* **Problem**:
Reproduce the lines below exactly. Begin with the first, end with the line containing "20、返回到WinCC 8.", and leave out the pictures.

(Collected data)
== Segment start ==

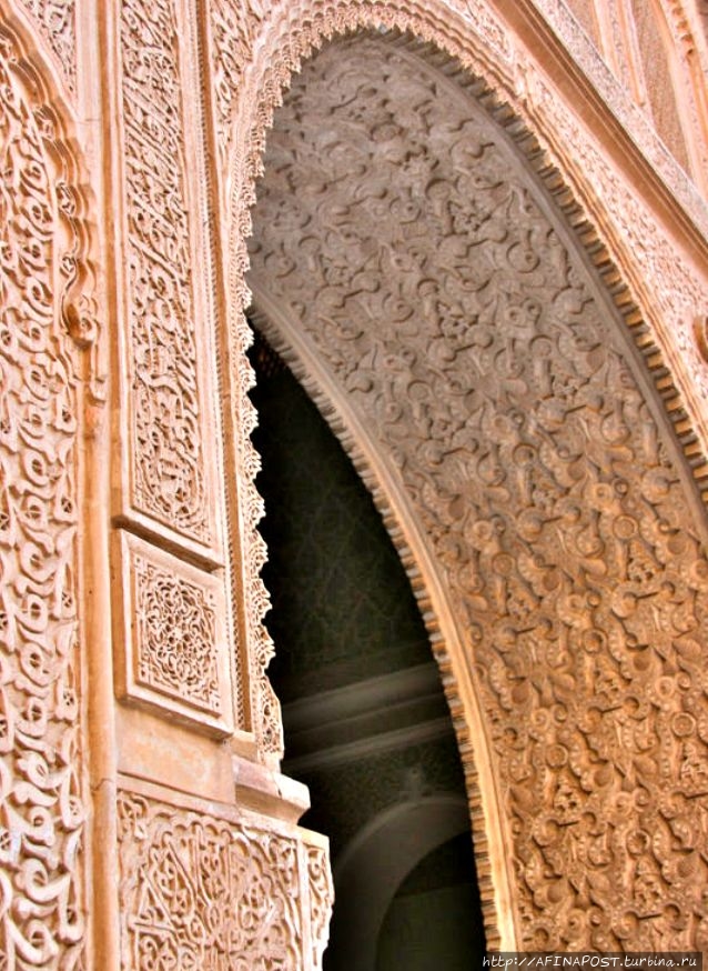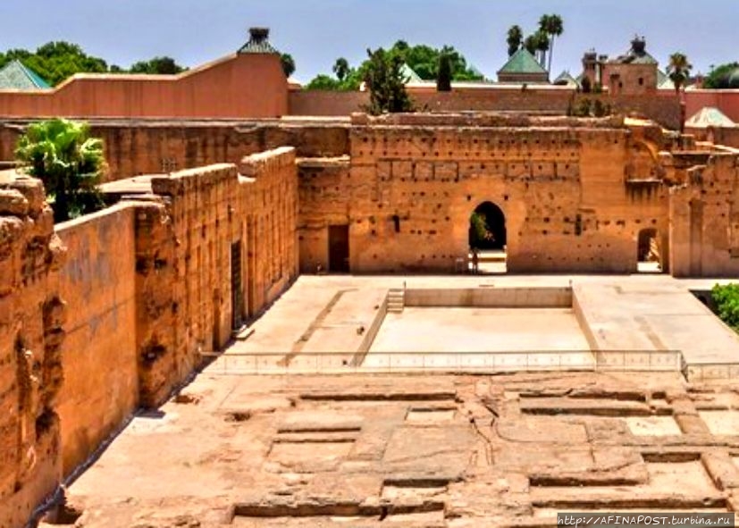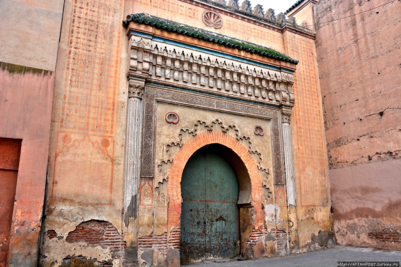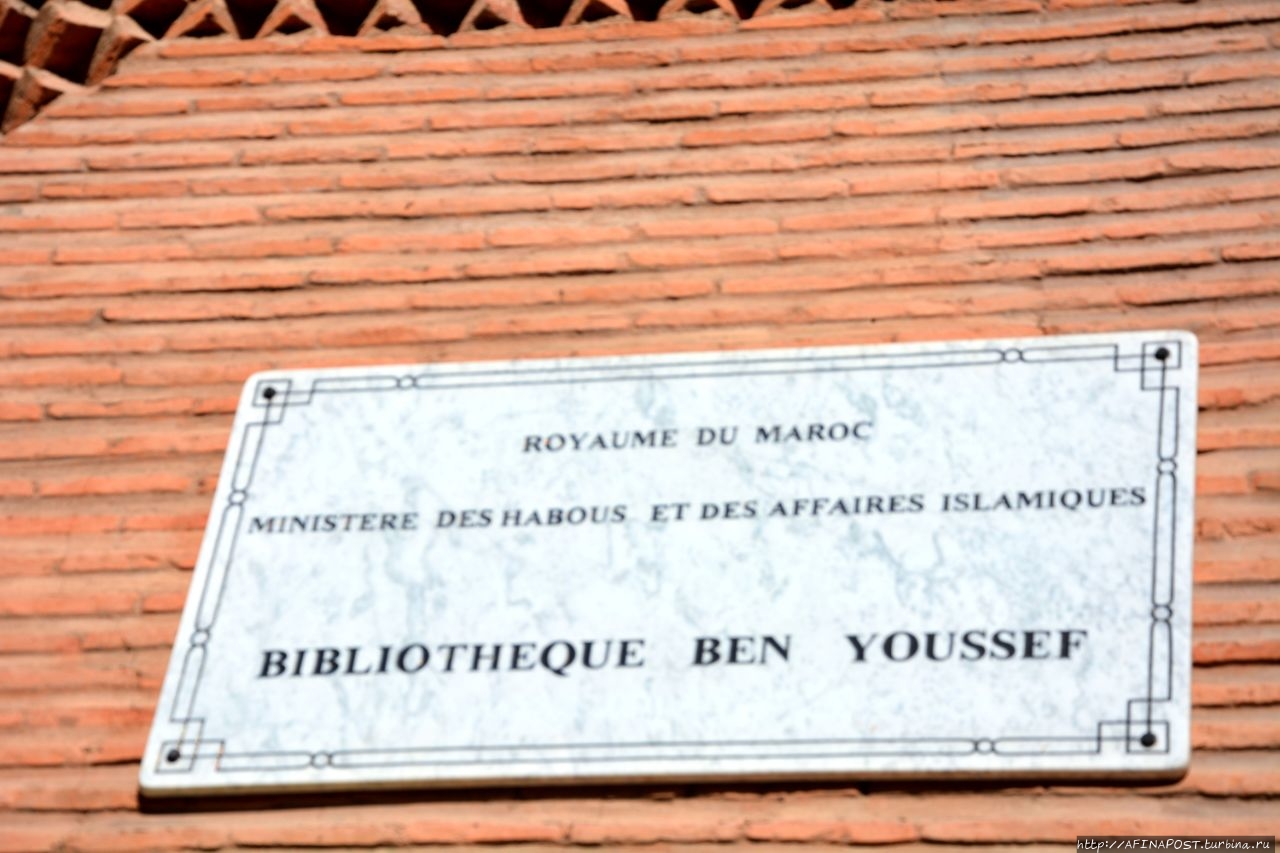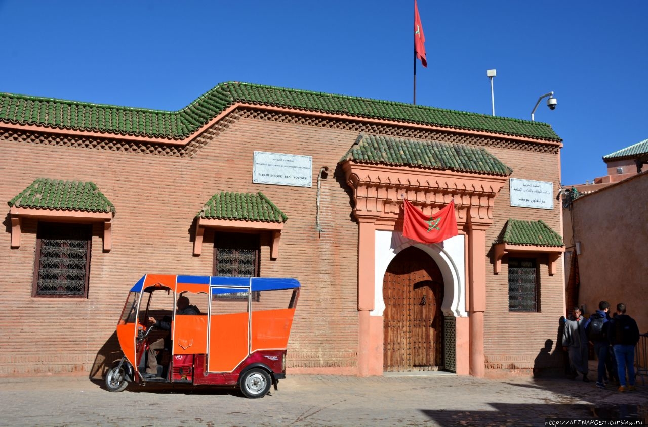 Кутубия - главный ориентир Красного городаесть не менее значимая мечеть Али-бен-Юсуф, построенная во второй половине XII века. Это одна из самых больших и самая старая из сохранившихся в Красном городе. Первоначально она была ещё больше, но серьёзно пострадала при смене правящих династий, когда её пытались разрушить и возвести что-то своё. Мечеть отреставрирована. Вход только для мусульман.
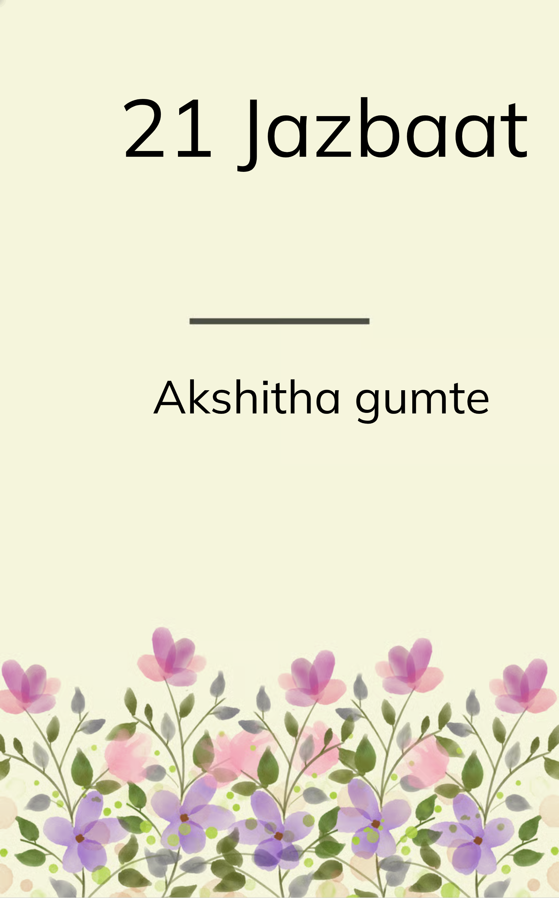 21 Jazbaat is a heartfelt collection of 21 poems, each reflecting a unique emotion from the depths of a young poetess's soul. From love and longing to loss and liberation, every piece carries a piece of her journey - raw, real and unfiltered. These are not just poems; they are whispers of unsaid feelings, battles, and small victories that shape the heart.
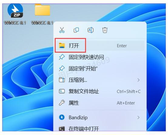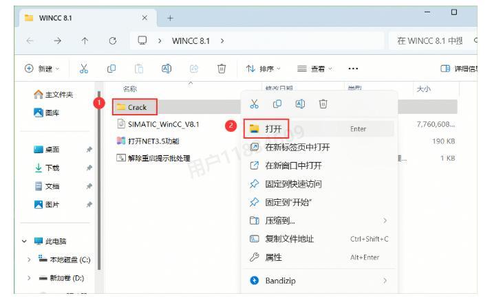 20、返回到WinCC 8.1文件夹,找到【Crack】文件夹,右键点击【打开】(这一步是为了完成软件的授权配置)
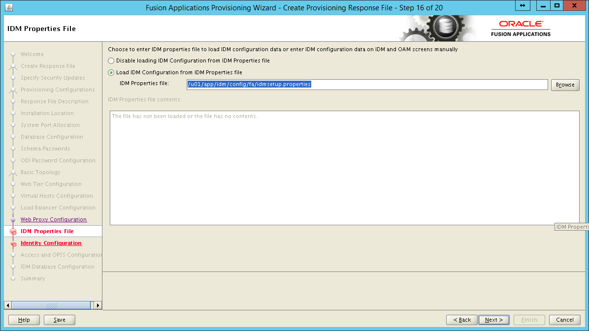 To stop creating this response file and resume later, click Save. This action creates a partial response file. A partial response file cannot be used to provision an environment.
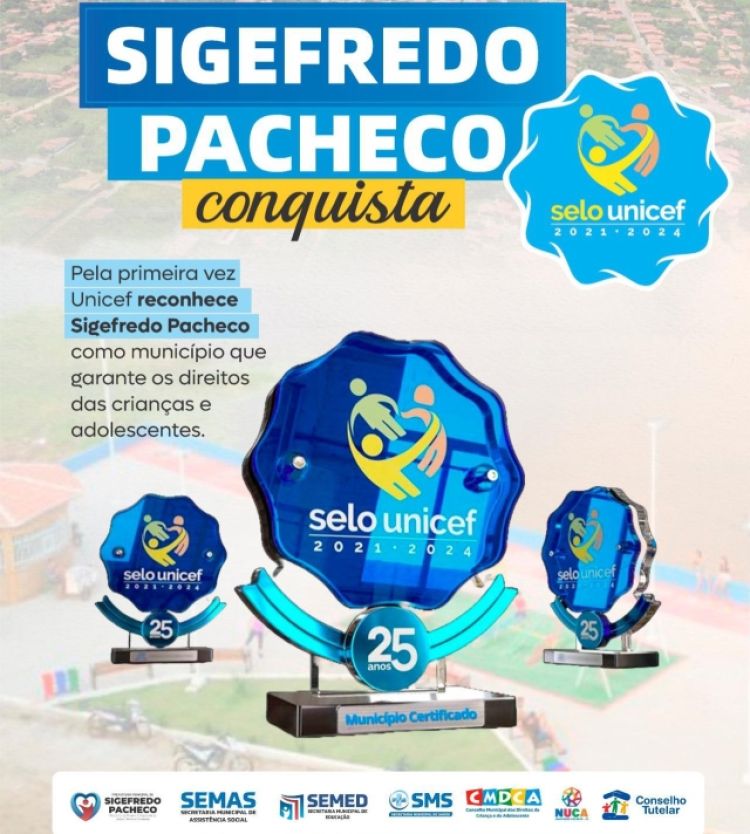 Pela primeira vez o município de Sigefredo Pacheco conquistou o SELO UNICEF da edição 2021-2024. O prefeito Murilo Bandeira que está em Brasília comemorou a conquista e parabenizou todos os envolvidos.
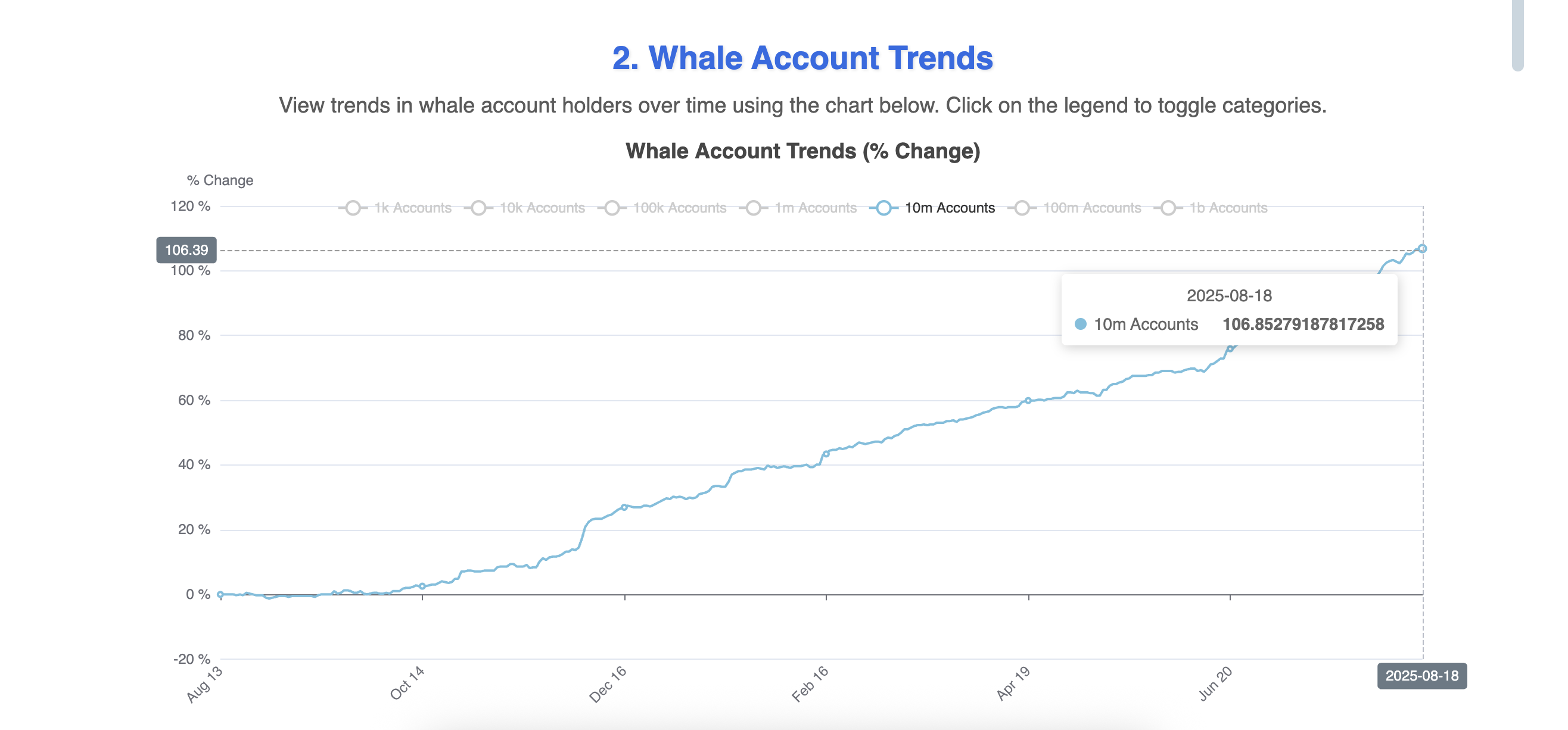 Між 11 серпня та 18 серпня кількість гаманців, що містять 10 мільйонів або більше HBAR, зросла з 102,28 до 106,85; це підвищення на 4,57 гаманця, що означає принаймні 45,7 мільйона HBAR у чистому накопиченні.

== Segment end ==

* **Written answer**:
 Кутубия - главный ориентир Красного городаесть не менее значимая мечеть Али-бен-Юсуф, построенная во второй половине XII века. Это одна из самых больших и самая старая из сохранившихся в Красном городе. Первоначально она была ещё больше, но серьёзно пострадала при смене правящих династий, когда её пытались разрушить и возвести что-то своё. Мечеть отреставрирована. Вход только для мусульман.
 21 Jazbaat is a heartfelt collection of 21 poems, each reflecting a unique emotion from the depths of a young poetess's soul. From love and longing to loss and liberation, every piece carries a piece of her journey - raw, real and unfiltered. These are not just poems; they are whispers of unsaid feelings, battles, and small victories that shape the heart.
 20、返回到WinCC 8.1文件夹,找到【Crack】文件夹,右键点击【打开】(这一步是为了完成软件的授权配置)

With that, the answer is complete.